# Gen 4 Recoil Spring Assy. Exchange Program



## VAMarine (Dec 25, 2008)

> GLOCK Inc. is voluntarily exchanging the recoil spring assembly (RSA) on its *new Gen4 pistols* (with the exception of G26 and G27 models). GLOCK has developed a new design to the recoil spring assemblies on its Gen4 pistols to replace several variations that are functioning in the market today. As part of the company's commitment to perfection, we are voluntarily exchanging the existing RSA in order to ensure our products perform up to GLOCK's stringent standards.
> 
> GLOCK is replacing the RSA in all Gen4s sold before July 22, 2011 at no cost. Please complete the following procedure to receive a new RSA. The RSA can safely and simply be swapped out using normal field stripping protocols. If you have additional questions, please contact GLOCK at 1-877-745-8523 with your serial number and model number.


See link below for more details.

Recoil Spring Exchange Program | GLOCK USA

If you've had issues with your Gen4, this may be a good fix for you. We have an early Gen4 Glock 19 that needed a different spring and will be getting one of these new ones. FWIW Our problems were fixed by an aftermarket spring from Glockmeister.


----------



## RUT (Aug 28, 2008)

Got mine a couple of months ago, and it works just fine. (of course, the original one did as well)


----------



## Blackhawkman (Apr 9, 2014)

My Gen4 17 has all the updated parts.
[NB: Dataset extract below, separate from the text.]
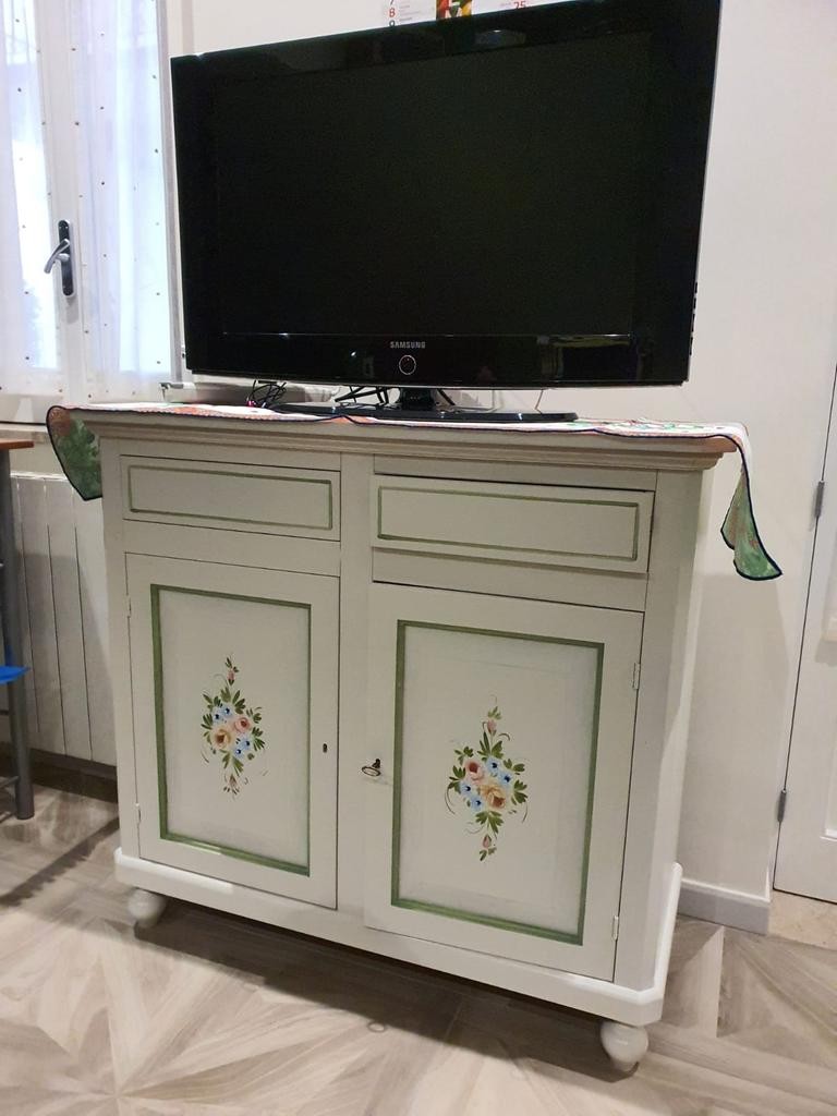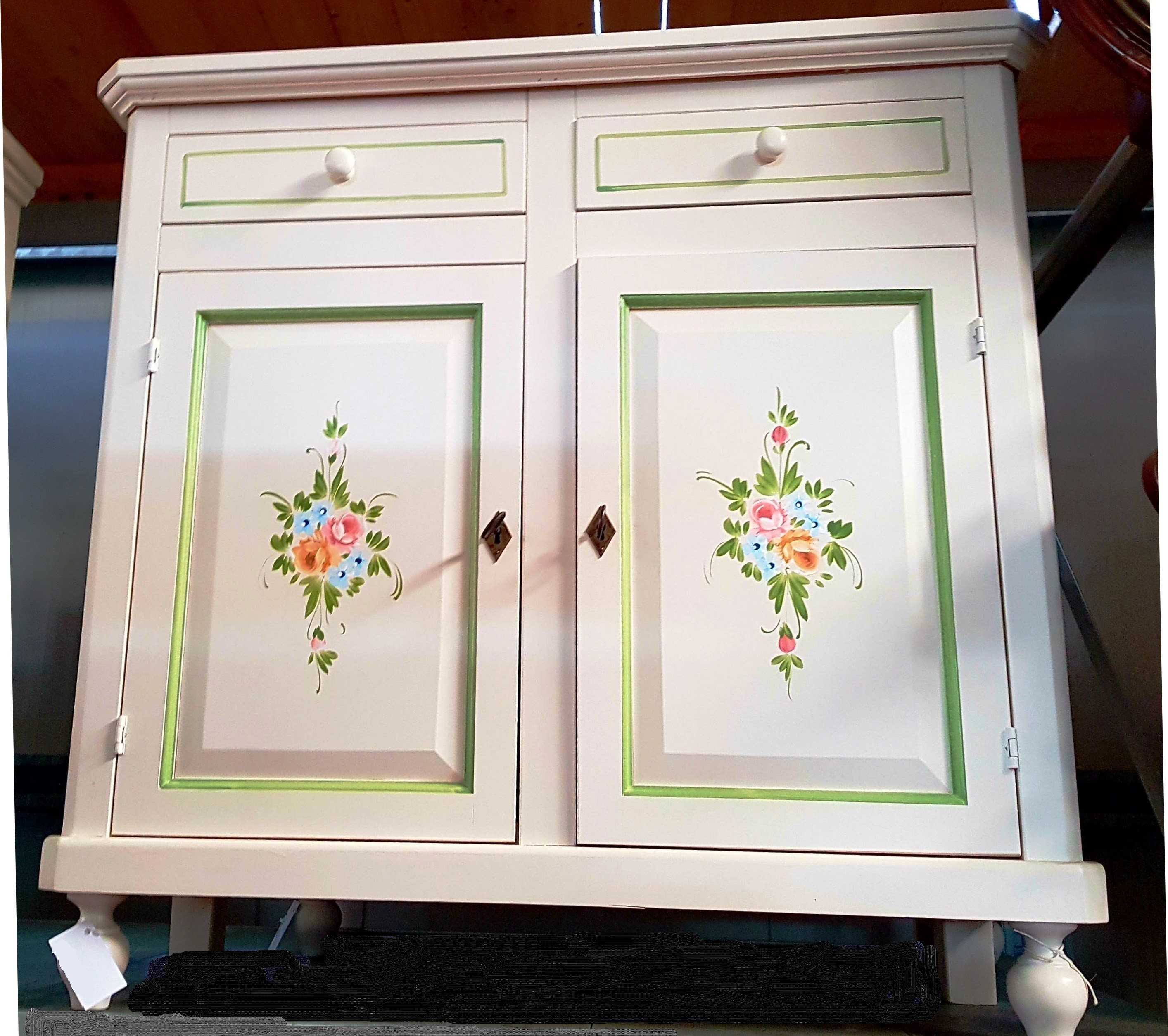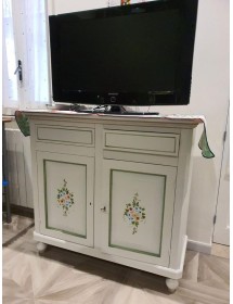Credenza napoletana 2 ante + 2 cassetti Laccata bianco decorato (CON FIORI E PROFILI VERDI)

Mine was made in Austria. fwiw I bought the 17 last March 2015.


----------



## Mowgli Terry (Sep 19, 2019)

Recoil spring guides: I swapped shortly after getting my pre-owned G-23.4, As I recall it was exchange. The old guides were kinda spindly. My 23 is probably like everybody else's. Runs great with either guide. Also, sent along were the missing backstraps. The gun is one of my keepers.


----------